I want to find the best and most efficient way to calculate the average of a score from the past 2 events within 7 days, and I need it per each row. I already have a query that works on 60M rows, but on 100% (~500M rows) of the data its collapses (maybe not efficient or maybe lack of resources). can you help? If you think my solution is not the best way please explain. Thank you
I have this table:
user_id event_id start end score
---------------------------------------------------
1 7 30/01/2021 30/01/2021 45
1 6 24/01/2021 29/01/2021 25
1 5 22/01/2021 23/01/2021 13
1 4 18/01/2021 21/01/2021 15
1 3 17/01/2021 17/01/2021 52
1 2 08/01/2021 10/01/2021 8
1 1 01/01/2021 02/01/2021 36
I want per line (user id event id): to get the average score of the past 2 events in the last 7 days.
Example: for this row:
user_id event_id start end score
---------------------------------------------------
1 6 24/01/2021 29/01/2021 25
user_id event_id start end score past_7_days_from_start event_num
--------------------------------------------------------------------------------------
1 6 24/01/2021 29/01/2021 25 null null
1 5 22/01/2021 23/01/2021 13 yes 1
1 4 18/01/2021 21/01/2021 15 yes 2
1 3 17/01/2021 17/01/2021 52 yes 3
1 2 08/01/2021 10/01/2021 8 no 4
1 1 01/01/2021 02/01/2021 36 no 5
so I would select only this rows for the group by and then avg(score):
user_id event_id start end score past_7_days_from_start event_num
--------------------------------------------------------------------------------------
1 5 22/01/2021 23/01/2021 13 yes 1
1 4 18/01/2021 21/01/2021 15 yes 2
Result:
user_id event_id start end score avg_score_of_past_2_events_within_7_days
--------------------------------------------------------------------------------------
1 6 24/01/2021 29/01/2021 25 14
My query:
SELECT user_id, event_id, AVG(score) as avg_score_of_past_2_events_within_7_days
FROM (
SELECT
B.user_id, B.event_id, A.score,
ROW_NUMBER() OVER (PARTITION BY B.user_id, B.event_id ORDER BY A.end desc) AS event_num,
FROM
"df" A
INNER JOIN
(SELECT user_id, event_id, start FROM "df") B
ON B.user_id = FTP.user_id
AND (A.end BETWEEN DATE_SUB(B.start, INTERVAL 7 DAY) AND B.start))
WHERE event_num >= 2
GROUP BY user_id, event_id
Any suggestion for a better way?
CodePudding user response:
I don't believe in your case, there is a more efficient query.

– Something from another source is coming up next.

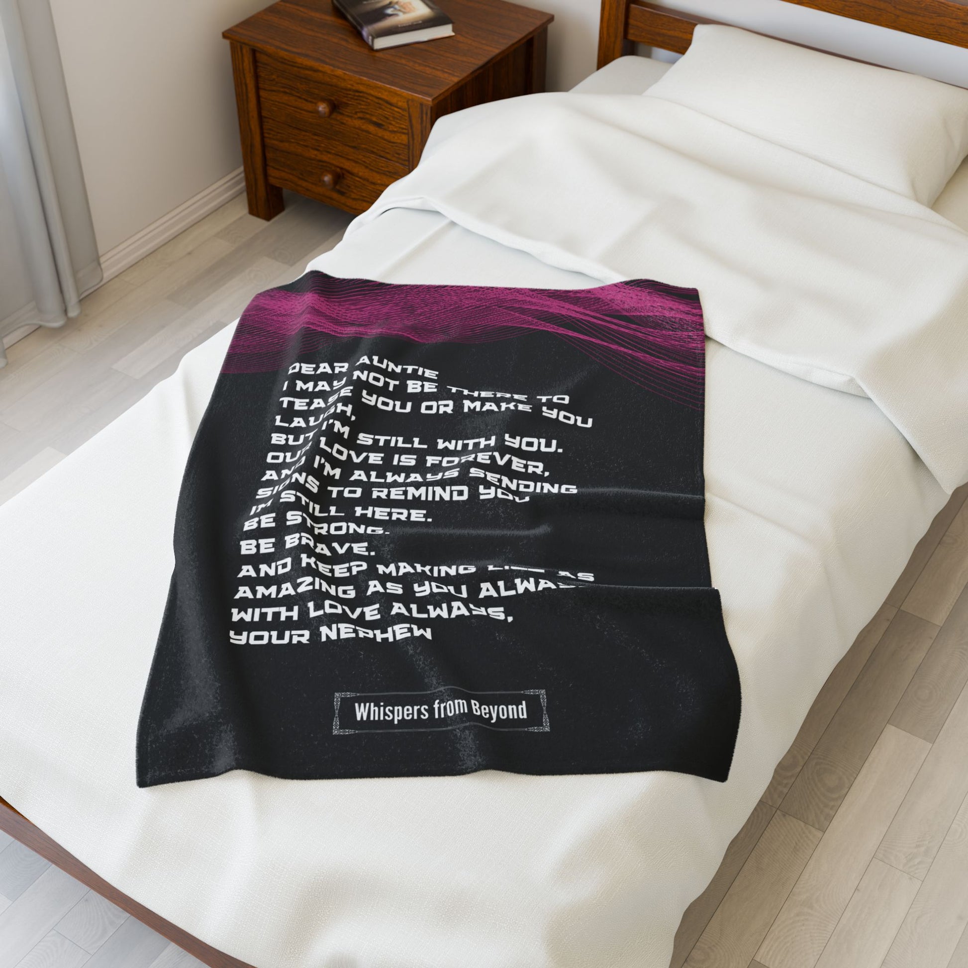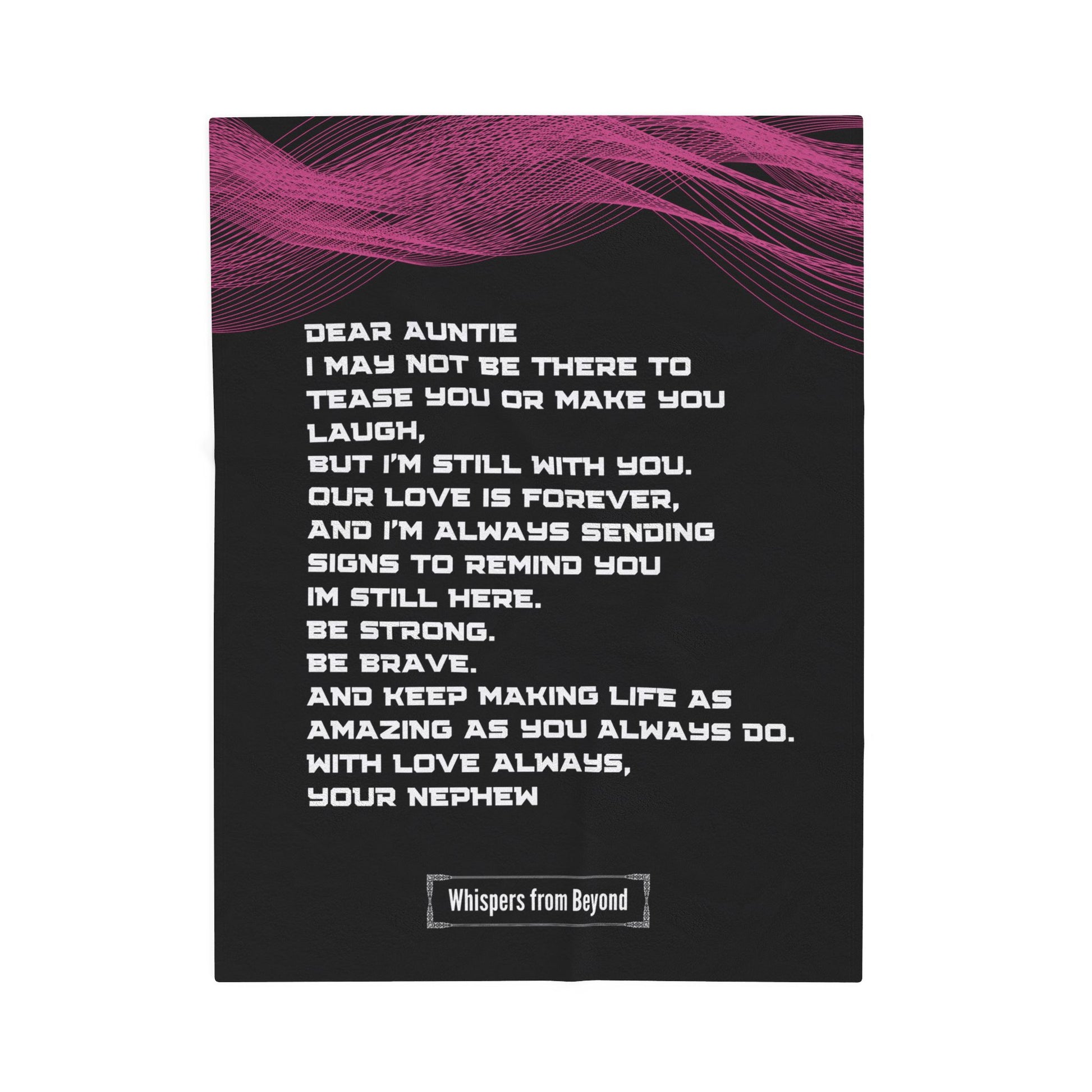 The love between a nephew and his aunt never fades, even from beyond. This comforting blanket carries a heartfelt message from a nephew in spirit, reminding his aunt that their bond is eternal. A beautiful keepsake that offers warmth, strength, and the reminder that love continues to send signs, guiding and watching over her every step of the way.

I can suggest you do the following:
Make sure your base table is partition by start and cluster by user_id
Split the query to 3 parts that creating partitioned and clustered tables:
- first table: only the inner join O(n^2)
- second table: add ROW_NUMBER O(n)
- third table: group by
- If it is still a problem I would suggest doing batch preprocessing and run the queries by dates.